• Data supplied:
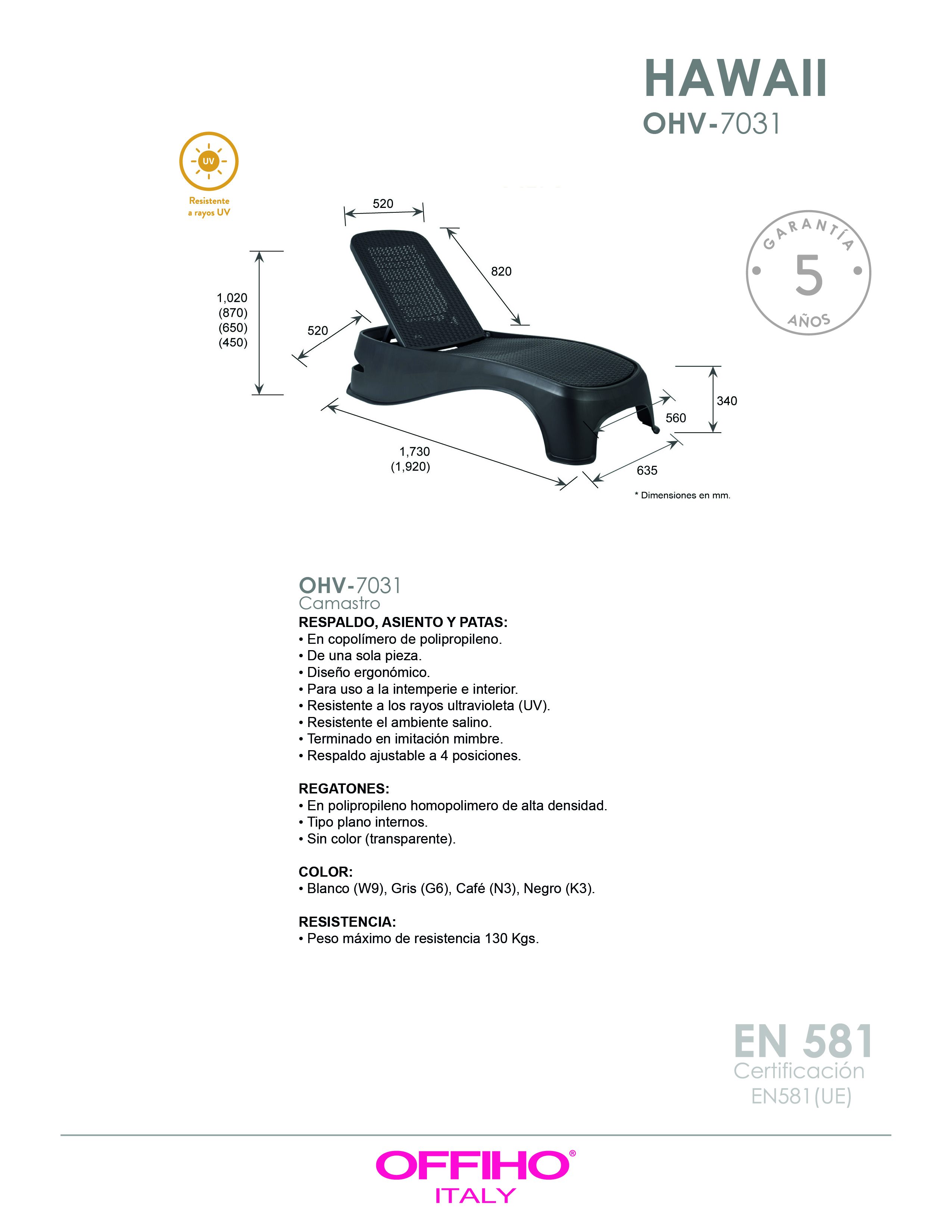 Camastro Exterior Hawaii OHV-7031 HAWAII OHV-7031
* * *
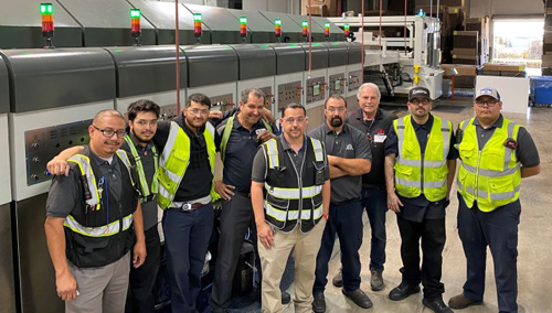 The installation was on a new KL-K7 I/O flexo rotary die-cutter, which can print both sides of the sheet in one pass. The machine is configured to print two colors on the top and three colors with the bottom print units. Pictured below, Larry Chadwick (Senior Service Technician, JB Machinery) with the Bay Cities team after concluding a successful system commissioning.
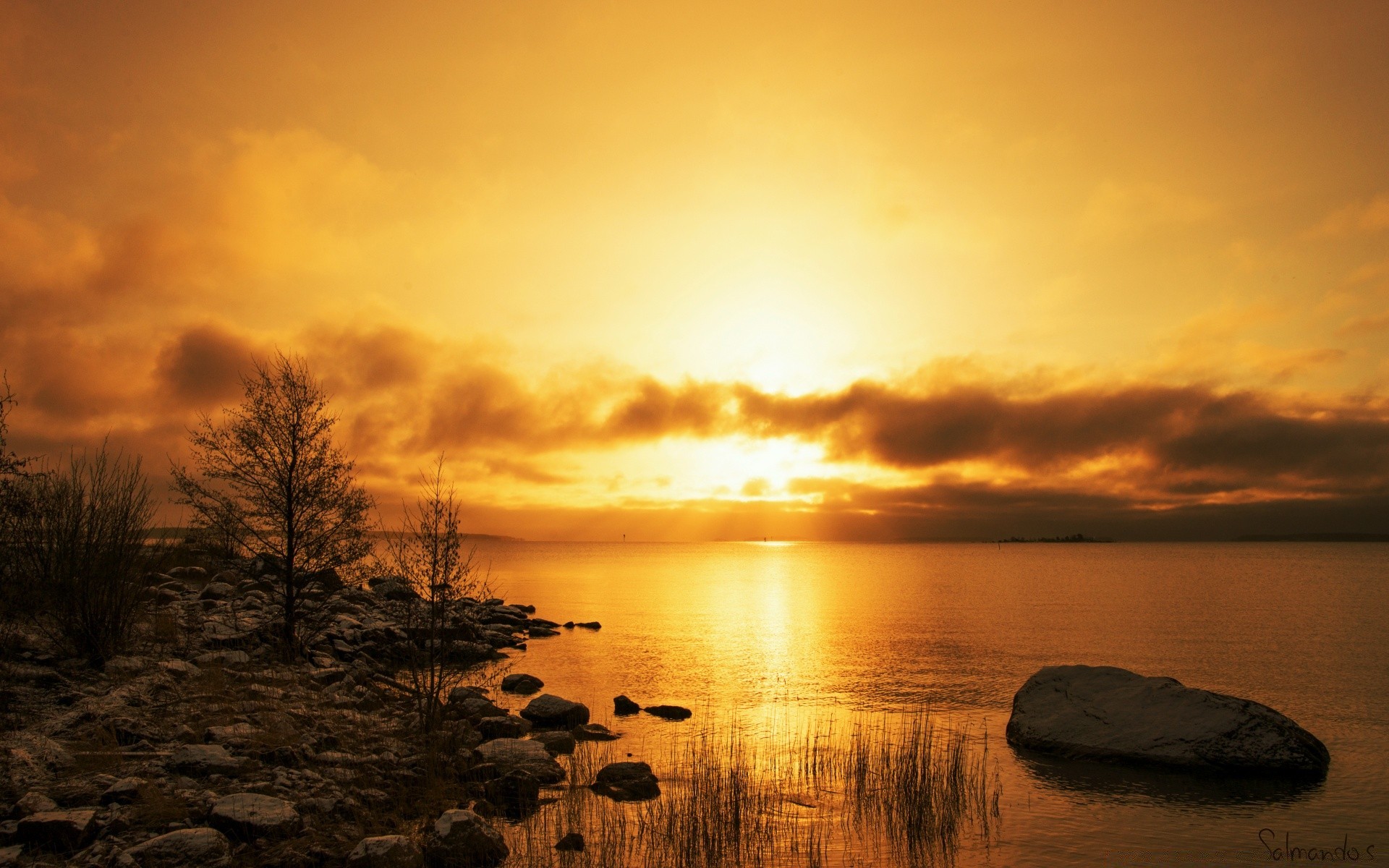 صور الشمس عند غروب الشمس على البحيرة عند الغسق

• What is expected: Write down exactly what the lines above say, from the line holding "The installation was" through the line holding "صور الشمس عند", and nothing more. Do not copy the pictures.

• Response below:
 The installation was on a new KL-K7 I/O flexo rotary die-cutter, which can print both sides of the sheet in one pass. The machine is configured to print two colors on the top and three colors with the bottom print units. Pictured below, Larry Chadwick (Senior Service Technician, JB Machinery) with the Bay Cities team after concluding a successful system commissioning.
 صور الشمس عند غروب الشمس على البحيرة عند الغسق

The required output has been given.